Per section 8.3.1, $ref values are identifiers, and do not say anything at all about how the identified schema is loaded.
If it is being loaded over a network, then the network protocol (probably HTTP or CoAP) should be used to understand and handle the available media type(s). There is no need for JSON Schema to say anything about that process- it is how the web works already. For something like file:// URIs, while it is less clear how to detect and manage media types, that problem is not at all specific to JSON Schema.
If it has been pre-loaded (which is a common approach, as it separates parsing concerns from referencing concerns), then presumably it was parsed into an in-memory representation already and exactly how that happens and what formats are supported is intentionally left to implementations. Different implementations serve different needs, and can balance flexibility vs performance/resource consumption.
The idea of treating $ref as an RFC 8288 web link and allowing target hints has come up at least once before (with OpenAPI), but in a somewhat different context. There is https://github.com/json-schema-org/json-schema-spec/issues/141, which gets into talking about the type of reference/pointer targets (initially just for JSON Pointer, but the discussion expanded along the way). That might be a place to look if you want to advocate for something like this in the spec. We shouldn't hijack @Julian's project for spec proposals :-)

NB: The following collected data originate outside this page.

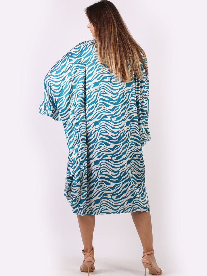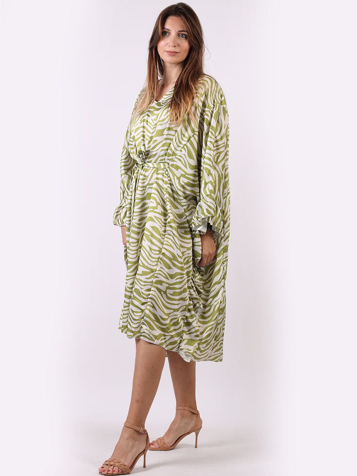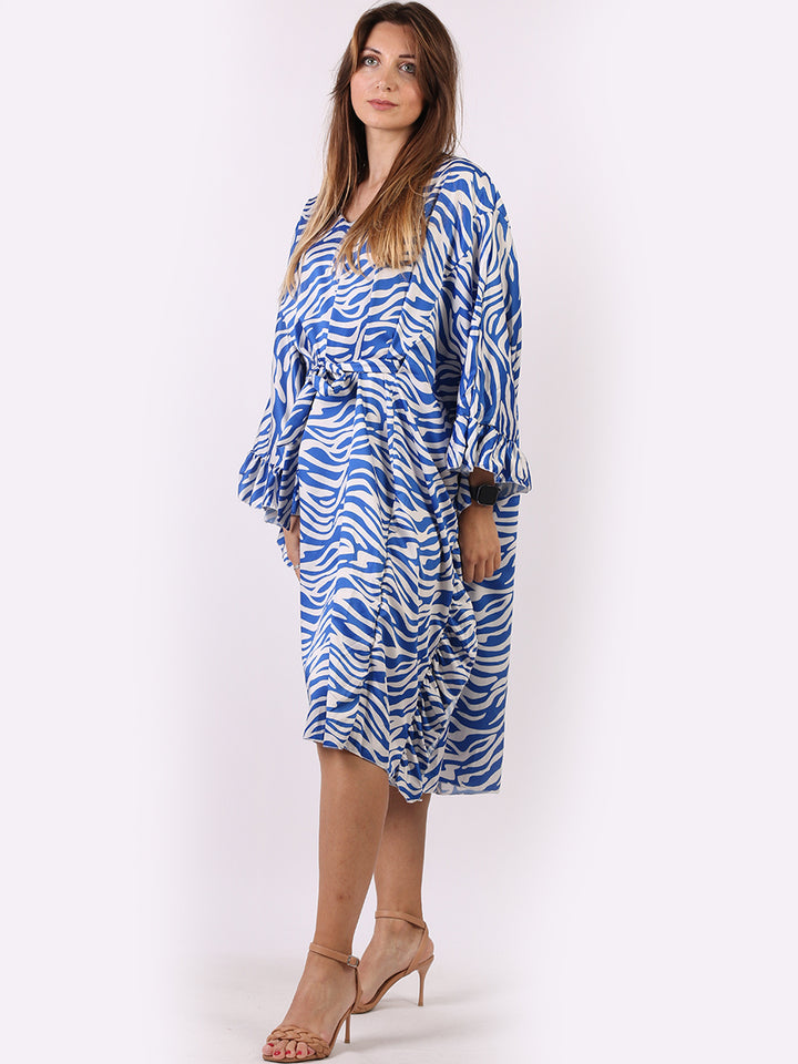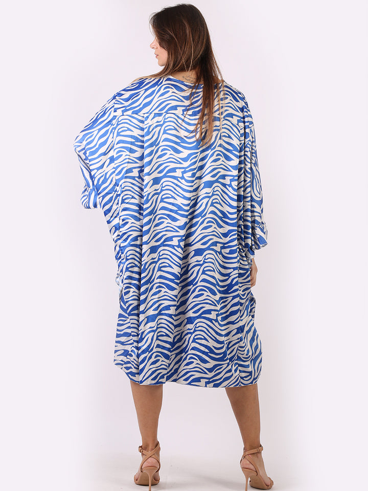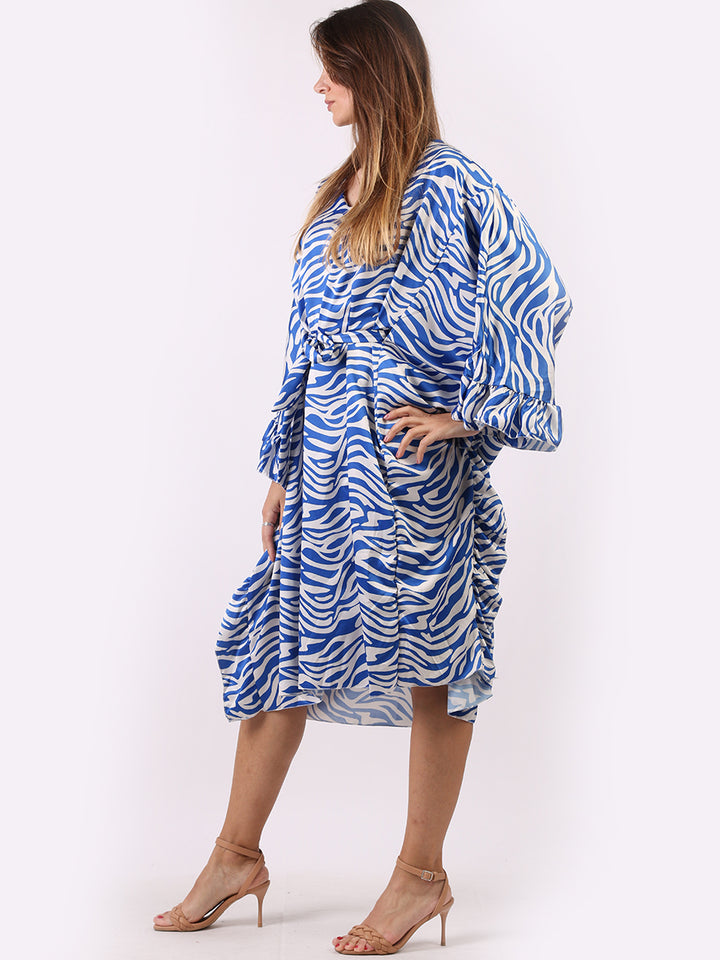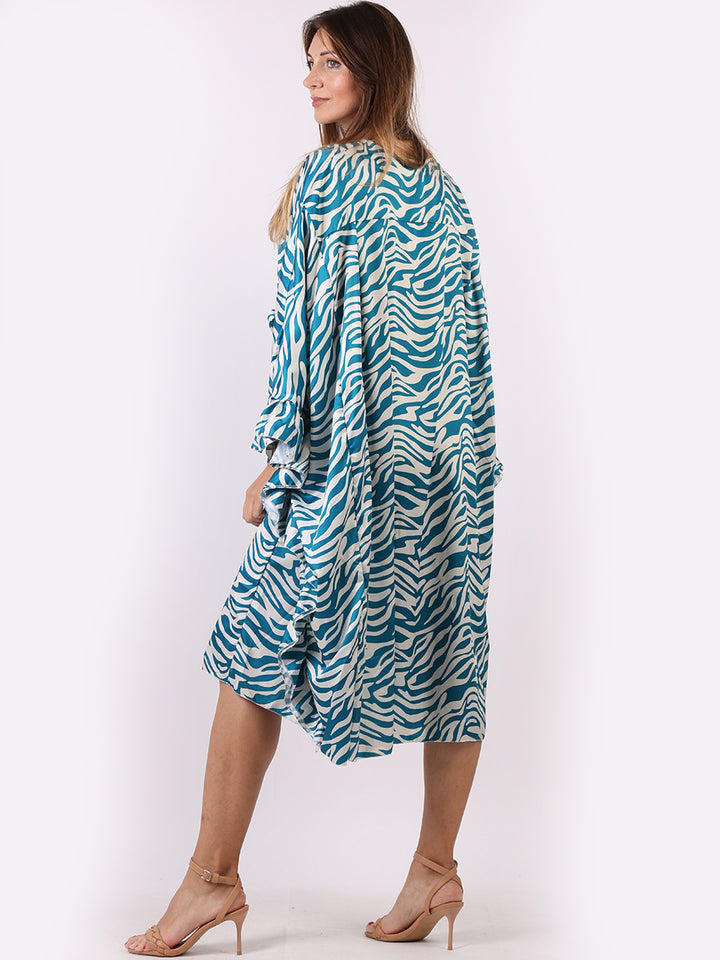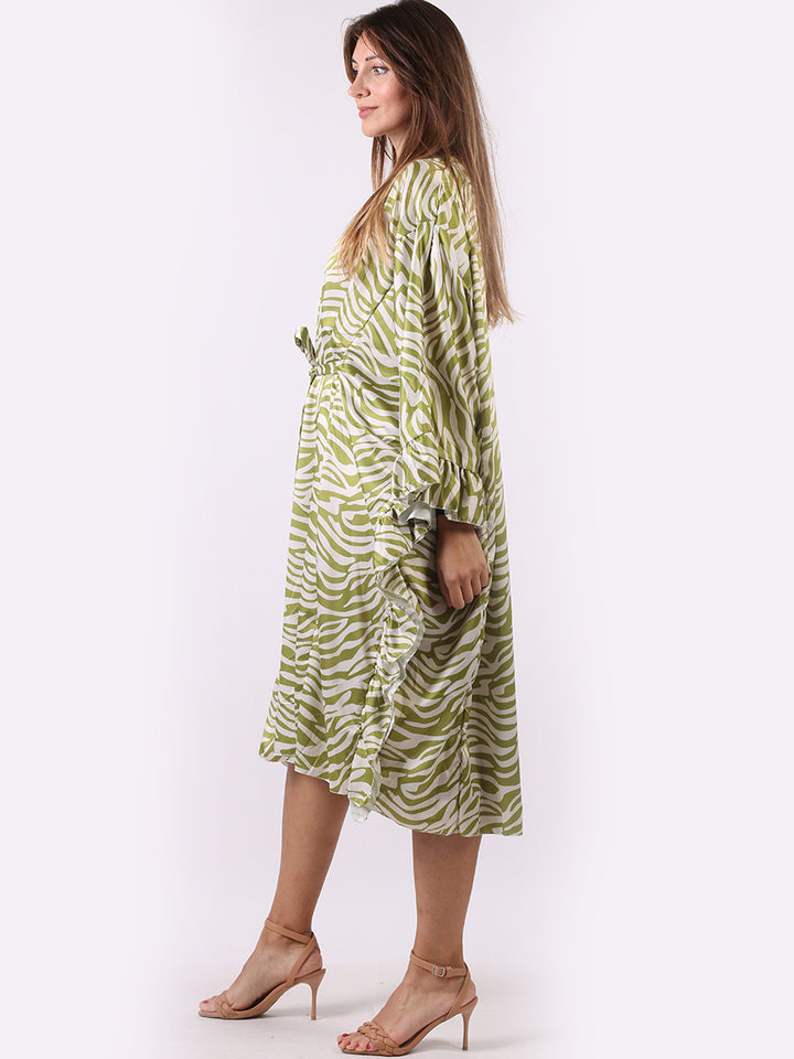 Made In Italy Wave Print V-Neck Ruffle Sides Lagenlook Kaftan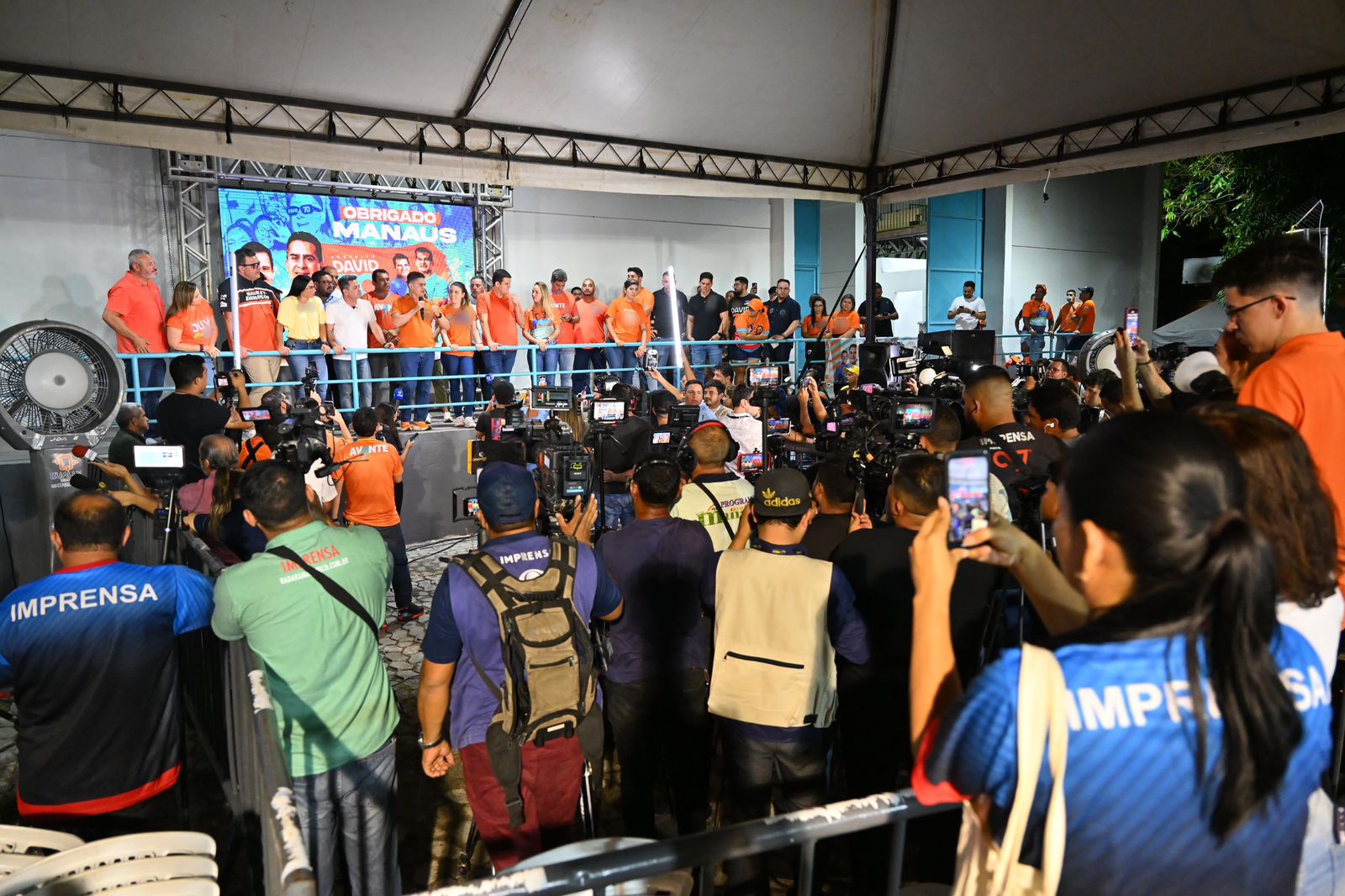 “É uma honra, um privilégio disputar uma eleição e chegar a esse número no primeiro turno. Principalmente numa disputa contra adversários qualificados, máquinas, patrícios políticos, tudo isso. Eu tenho Deus e o povo como padrinhos. Agora, a eleição muda, ela vira um plebiscito, né? Zera! É uma ótima eleição. Vamos trabalhar no campo das ideias, das propostas e das opiniões para a cidade de Manaus”, declarou David Almeida durante coletiva de imprensa.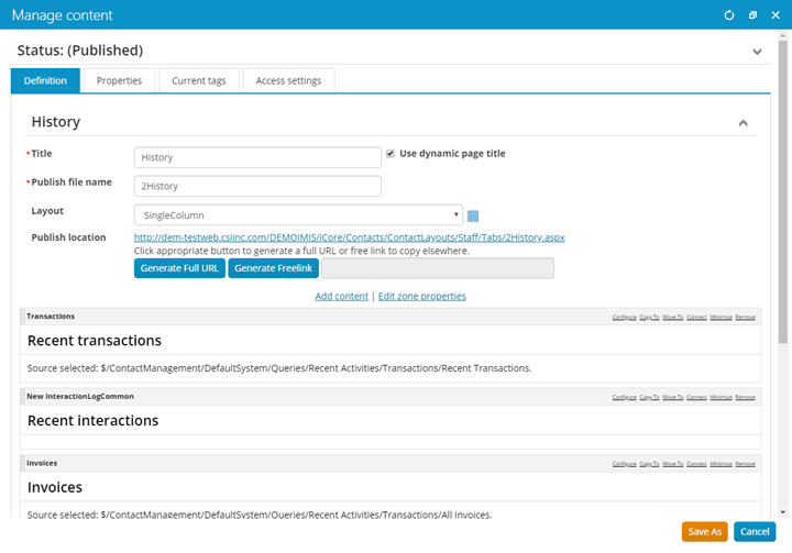 Navigate to your (potentially customized) Staff/Tabs folder (usually under Shared Content/Staff/Tabs. If it’s not there, open a contact from the Communities/Find Contacts page. Click on the contact’s History tab at the top. Note the entire URL. It will give you clues as to where your customized Staff site content is located.)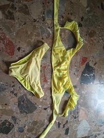 costume due pezzi donna taglia S/M il reggiseno è a top con volant e con cucitura turchese.ferretti laterali ed è praticamente perfetto.lo slip è leggermente scolorito ma comunque bello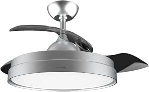 Cecotec Ventilador de Techo con Aspas Retráctites y Lámpara EnergySilence Aero 4280 Invisible Steel. 40 W, Diámetro 42″ (106cm), Temporizador, 3 Tonos de Luz, Función Verano-Invierno
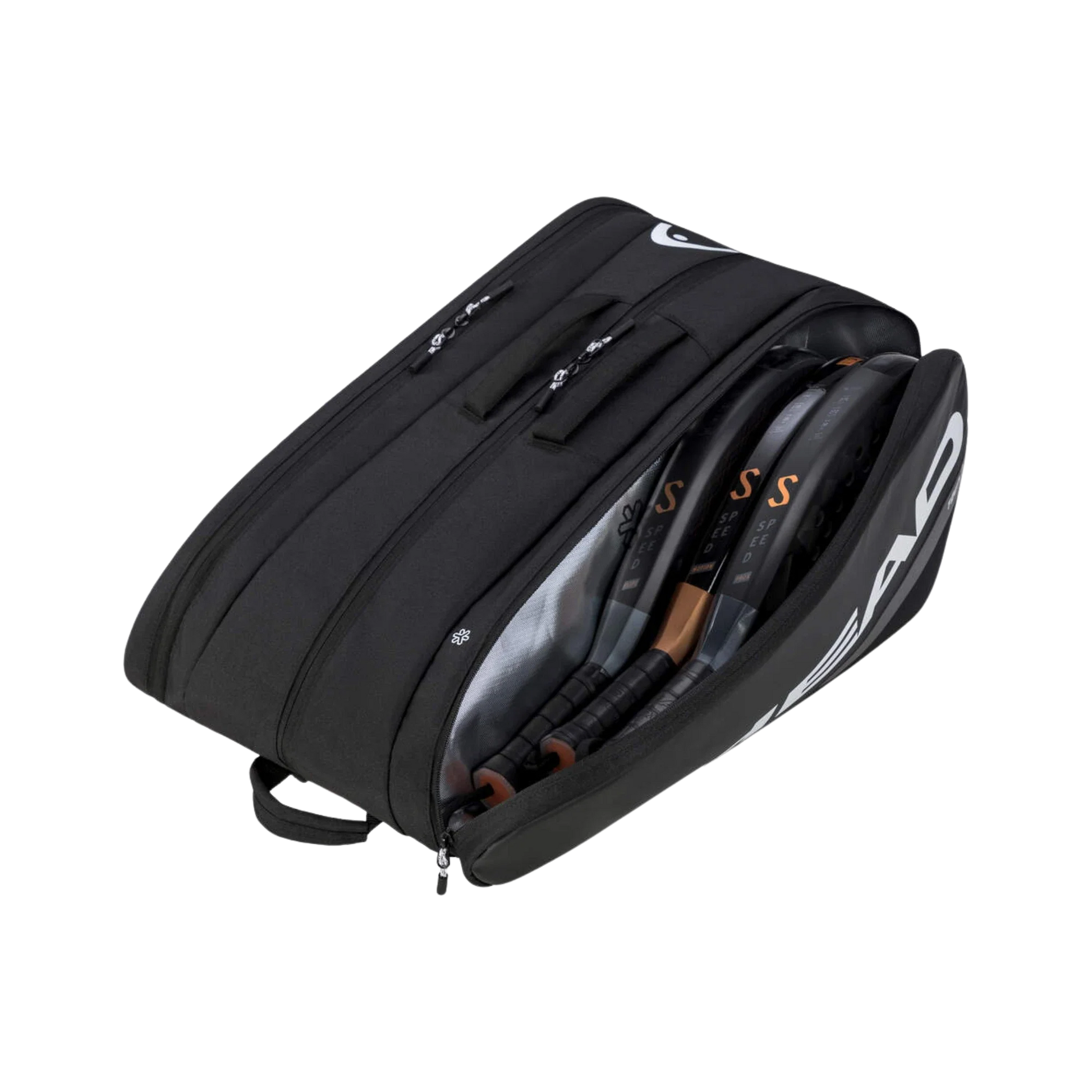 Style, space and innovative technology are combined in the Head Tour Padel Bag L BKWH. Offered in a choice of modern, stylish colorways, the bag has been upgraded with a new shape, new padding for extra stability and new top handles. You can carry up to seven racquets in a bag with three main compartments, one of which has CCT+ climate control technology to protect your racquets against extreme temperatures. In addition to an integrated shoe compartment for your footwear, the bag comes with inside and outside zipper pockets for your essentials. With its backpack carry system, you can carry this bag in comfort. As an illustration of how HEAD is trying to reduce plastic usage, the hangtag is made from recycled paper and tied with hemp cord, and the bag is presented in a new recycled plastic bag.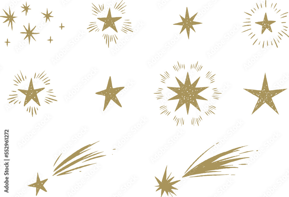 シンプルな手描きの星 流れ星 輝き きらきら装飾イラストセット #552961272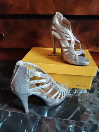 Elegantes sandalias de tacón con un diseño abierto y detalles de tiras. Me las puse solo para mí boda en la playa y han estado guardadas todo el tiempo. Me acabo de dar cuenta que tienen un pequeño defecto, en la sandalia izquierda, si os fijáis tiene un pequeño rozón blanco. Por lo demás están muy bien, las he revisado y tienen esa pequeña tara. Tienen su caja original. Son bastante cómodas las vendo porque me operaron de los pies y no puedo volver a llevar tacones. - Color plateado brillante. - Talla 38. - Marca Membur.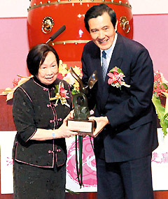 馬英九頒發(fā)“兩岸和平特殊貢獻(xiàn)獎(jiǎng)”給前海基會(huì)董事長(zhǎng)辜振甫夫人辜嚴(yán)倬云女士。圖片來(lái)源:臺(tái)灣《經(jīng)濟(jì)日?qǐng)?bào)》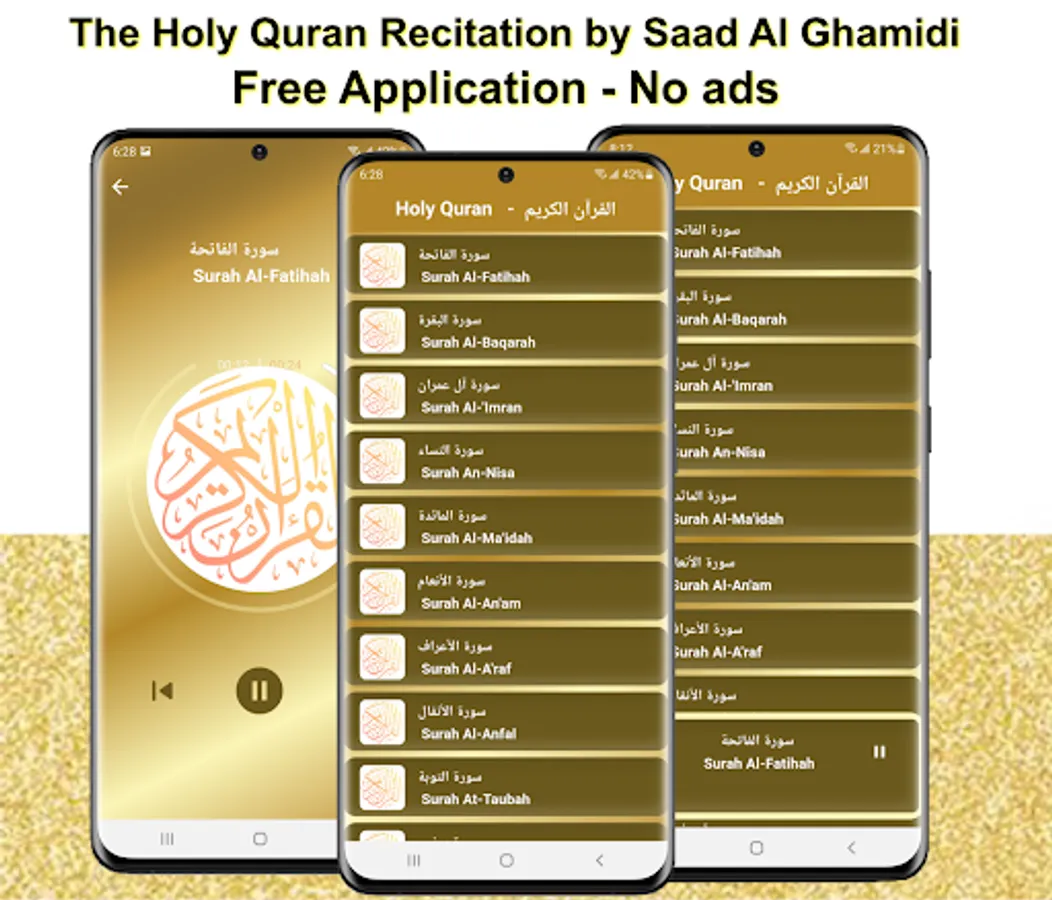 The application of the Noble Qur’an recitation by Saad Al Ghamidi, allow you to listen to all chapters of the Holy Qur’an without Internet from your cell phone or your tablet and enjoying with the voice of Sheikh Saad Al Ghamidi that transports you to another world with his distinctive voice.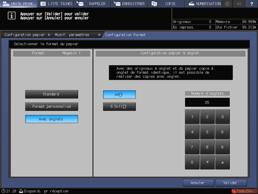 La sélection [Avec onglets] affiche l'écran [Réglage papier à onglet].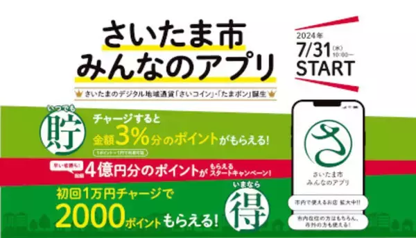 デジタル地域通貨については、2024年度中はチャージ金額の3%分の「たまポン」がもらえるほか、先着順で、初回1万円以上をチャージすると2000円分のポイントを進呈するスタートキャンペーンを実施する。予算総額は4億円で上限に達し次第終了。独自ポイントの「たまポン」は1ポイント1円として利用可能で、有効期限は、最終付与・利用から180日間。サービス開始時点の「さいコイン」へのチャージ方法は銀行口座、クレジットカード(イオンカード)のみ(1回1000円以上・上限4万9000円)。また、チャージにあたり、氏名などの利用者情報とマイナンバーカードの認証が必要。

Yes, in my case I'm dealing with only local file references, no network at all. I think having some way to specify a mime-type or similar would be useful... I frankly don't care if it's in the spec or not as long as it solves my problem :). It's perhaps hacky, but having an optional $mime-type key in parallel with $ref would solve the problem. You could then pair a parser to a mime type.
A very much useful step forward would be to pass the referrer document to the handler. Right now nothing is happening with it (PyCharm shows no usage beyond it being stored on the object).
But if you resolve relative file references, as one does in for instance OpenAPI specifications, then you need a source document to translate relativity. Right now, I either need a pre-process step that resolves all the references to absolute file URLs or patch jsonschema. Triggered by this bug.